Your objective:
From the records below, print only the part that opens with the line containing "Portrait photograph of" and closes with the line containing "Карабин пожарный 8х80"; omit the pictures.

Entries shown:
════

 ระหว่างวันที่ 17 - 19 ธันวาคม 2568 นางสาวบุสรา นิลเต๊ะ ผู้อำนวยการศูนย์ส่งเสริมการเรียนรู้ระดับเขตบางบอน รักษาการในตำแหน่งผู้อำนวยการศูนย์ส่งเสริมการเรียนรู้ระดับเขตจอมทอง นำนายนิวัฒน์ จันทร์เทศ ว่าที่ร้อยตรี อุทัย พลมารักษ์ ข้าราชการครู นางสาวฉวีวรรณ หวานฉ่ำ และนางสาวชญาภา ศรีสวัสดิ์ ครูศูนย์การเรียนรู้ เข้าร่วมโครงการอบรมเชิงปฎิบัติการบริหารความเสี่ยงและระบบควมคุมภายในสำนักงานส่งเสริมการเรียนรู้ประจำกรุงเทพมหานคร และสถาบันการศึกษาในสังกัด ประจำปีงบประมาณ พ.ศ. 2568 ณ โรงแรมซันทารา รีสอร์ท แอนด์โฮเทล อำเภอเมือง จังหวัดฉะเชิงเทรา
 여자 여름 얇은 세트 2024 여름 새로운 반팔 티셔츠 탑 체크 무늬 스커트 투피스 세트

════

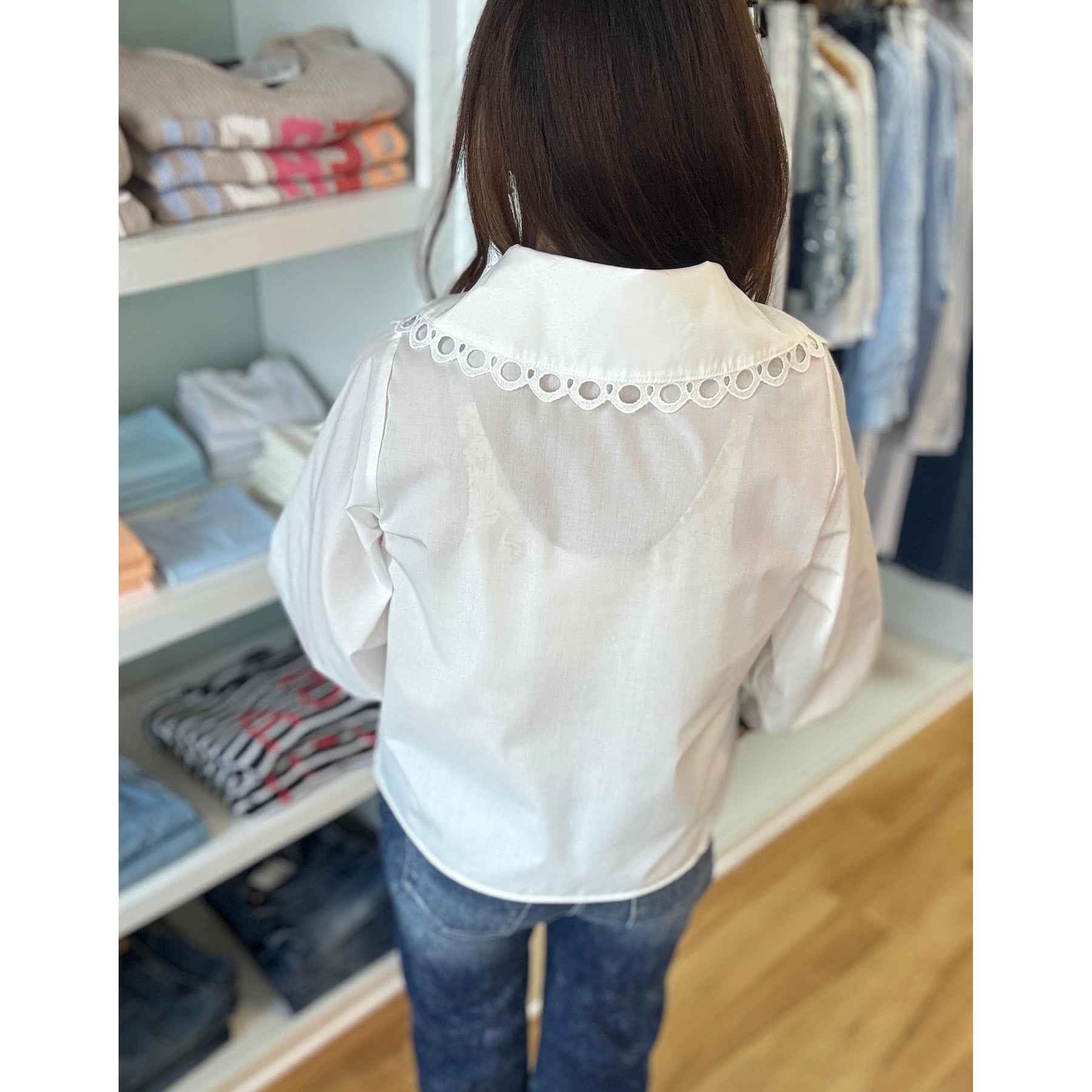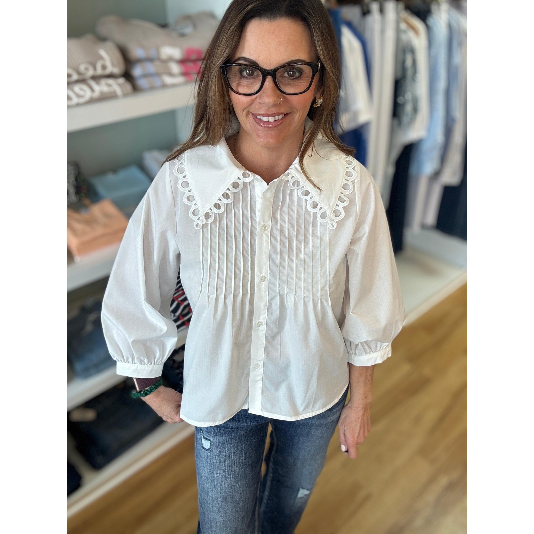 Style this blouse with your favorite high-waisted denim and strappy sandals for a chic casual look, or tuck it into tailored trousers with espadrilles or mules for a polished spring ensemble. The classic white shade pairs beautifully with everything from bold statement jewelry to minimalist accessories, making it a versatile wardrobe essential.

════

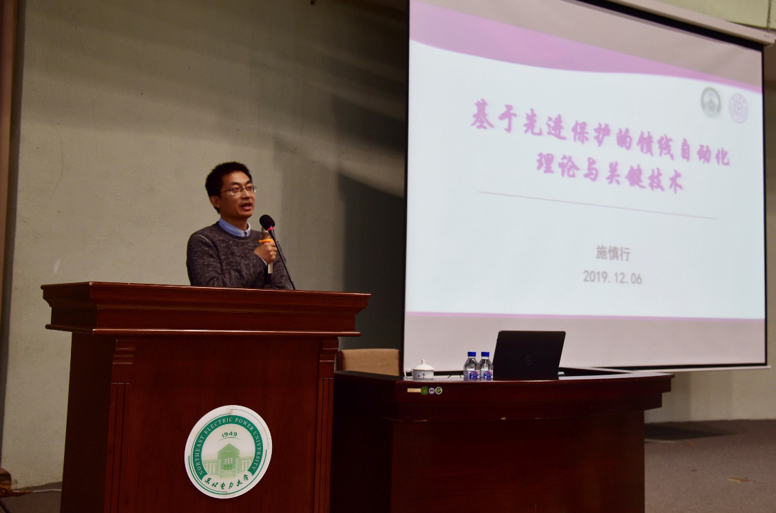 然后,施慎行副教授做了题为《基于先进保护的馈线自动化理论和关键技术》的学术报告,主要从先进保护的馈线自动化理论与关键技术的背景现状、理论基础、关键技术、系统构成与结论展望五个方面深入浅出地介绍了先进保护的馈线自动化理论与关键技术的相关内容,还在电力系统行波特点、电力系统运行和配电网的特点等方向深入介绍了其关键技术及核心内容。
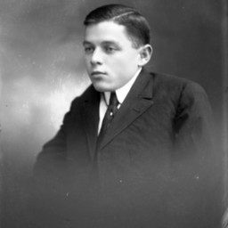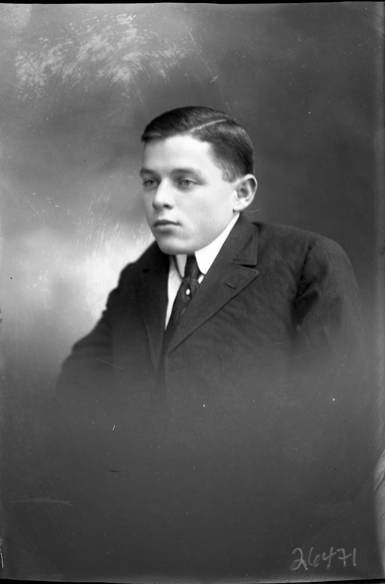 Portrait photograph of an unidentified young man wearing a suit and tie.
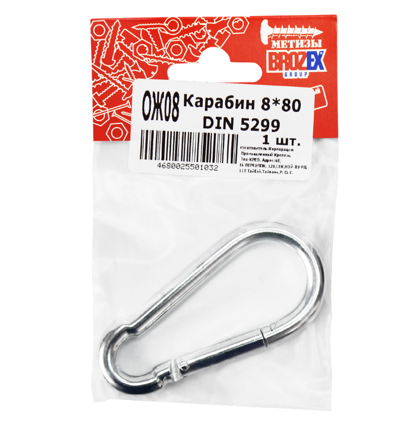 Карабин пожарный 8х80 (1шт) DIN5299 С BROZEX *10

════

Written solution:
 Portrait photograph of an unidentified young man wearing a suit and tie.
 Карабин пожарный 8х80 (1шт) DIN5299 С BROZEX *10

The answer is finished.